The system 100 can intercept the stop in order to stop and migrate the source host node to the update host node (e.g., the VM is stopped and then migrated on to an updated host node). That is, the In-VM reboot is converted to “stop-migrate-start”.

In some embodiments, a customer can opt-in to allowing migration using a parameter for In-VM reboot. The parameter can allow migration from the source node onto the updated host node. For example, a “TurnOffOnGuestRestart” parameter can be utilized for the VM. This parameter can be passed down to a hypervisor. When In-VM reboot is triggered by the customer, the interception component 110 can intercept the reboot request. The interception component 110 can use the hypervisor to catch the internal reboot of the VM and put the VM in stopped state. Then, the migration determination component 120 can use the Node Service to intercept this stopped VM state and call the fabric controller for preliminary migration check. This allows the migration determination component 120 to determine if migration is allowed at this current time.

If the preliminary migration check succeeds, further operations on the VM are blocked on the source host node and a stop-migration request is raised by the Node Service to the Fabric Controller for the VM. The Fabric Controller receives this request and triggers stop-migration for the VM from the source host node to an updated host node.

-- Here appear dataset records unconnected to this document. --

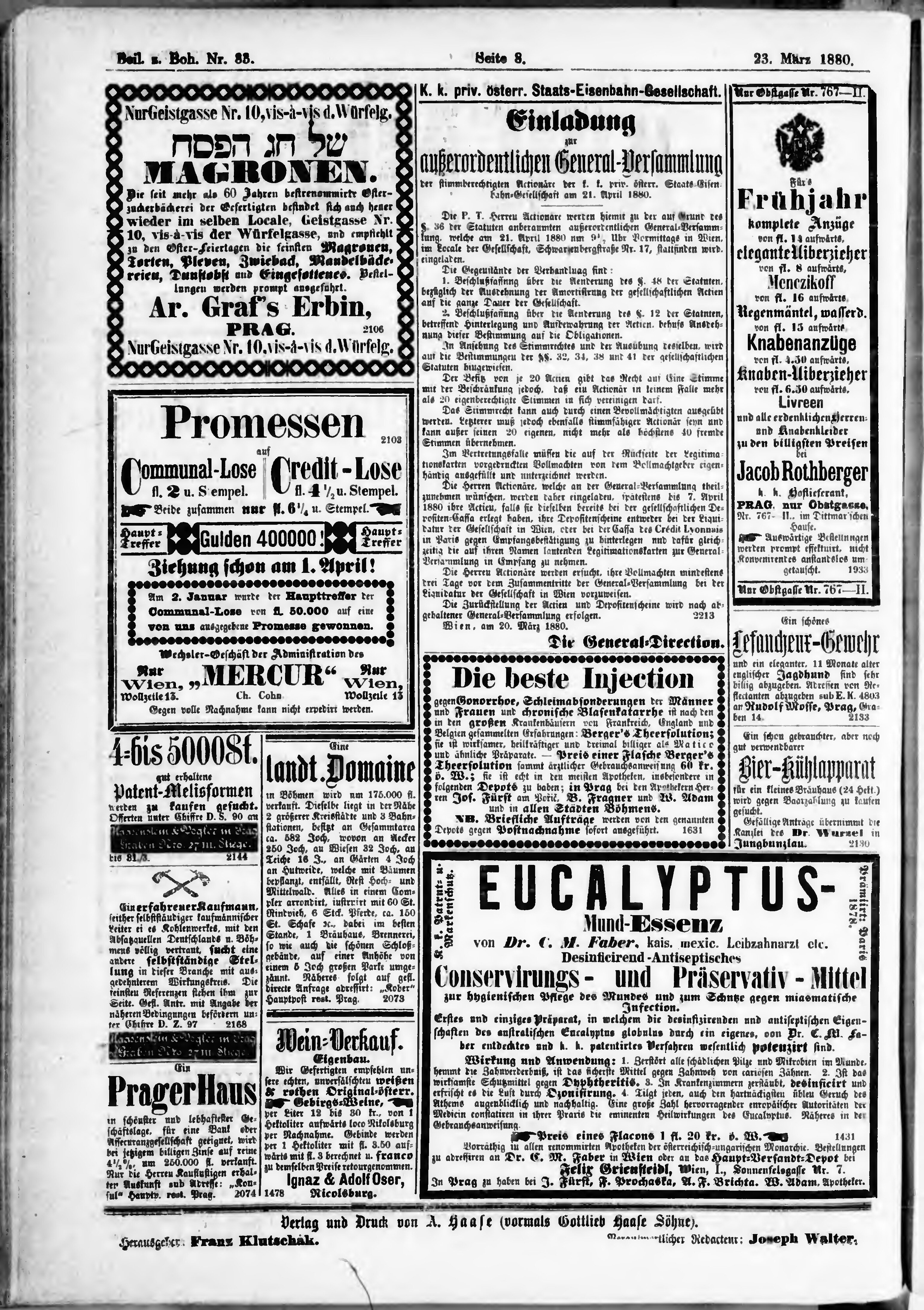 * Datum vydání výtisku: 23.3.1880 Číslo výtisku: 83 Typ výtisku: příloha
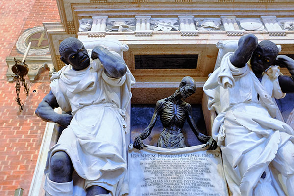 紀念碑上還有四個巨大的摩爾人Moors扛著門楣,這種義大利版的「憨番扛廟角」從當今的眼光來看還真的是不合時宜。
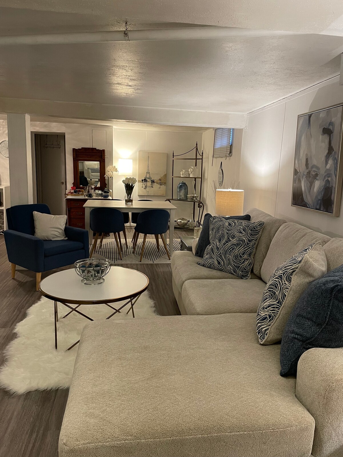 ¡Te damos la bienvenida ! Hermoso, recién amueblado en nuestro nivel inferior. ¡Hay un dormitorio privado,con almohadas de espuma viscoelástica! ¡Una cama individual en el espacio principal! ¡Todas las camas tienen sábanas de algodón 100%! Equipado con un keurig, hervidor, microondas, tostadora y nevera bar. Café y té , mate de café y azúcar, vasos, tazas y platos de café, tazones, cubiertos y servilletas. ¡Aparcamiento gratuito en la calle! Televisión con cable... ¡A 9 minutos del aeropuerto! El documento de identificación con fotografía puede solicitarse en el momento del registro... ¡Se incluye el 5 % de impuesto municipal sobre el alojamiento!

In some embodiments, due to a migration operation, the customer observed downtime can be more than the normal reboot downtime. However, the extra downtime may be satisfactory since it avoids a potential unexpected reboot (e.g., at an improper and/or unoptimistic time).

The stop-migration to leverage customer planned maintenance activity(ies) (e.g., stop and/or reboot) to perform platform update(s) such as host operating system update can significantly improve a customer's experience. That is, without leveraging customer planned maintenance activity(ies), the customer experiences downtime that is unwanted and/or at an undesirous time for updating a host operating system.

In some embodiments, by taking advantage of a shutdown or reboot by a customer, a platform update can be performed during the downtime. In this manner, unexpected impact experience by the customer is reduced and thus the unexpected reboots observed by the customer (e.g., annually) is also reduced.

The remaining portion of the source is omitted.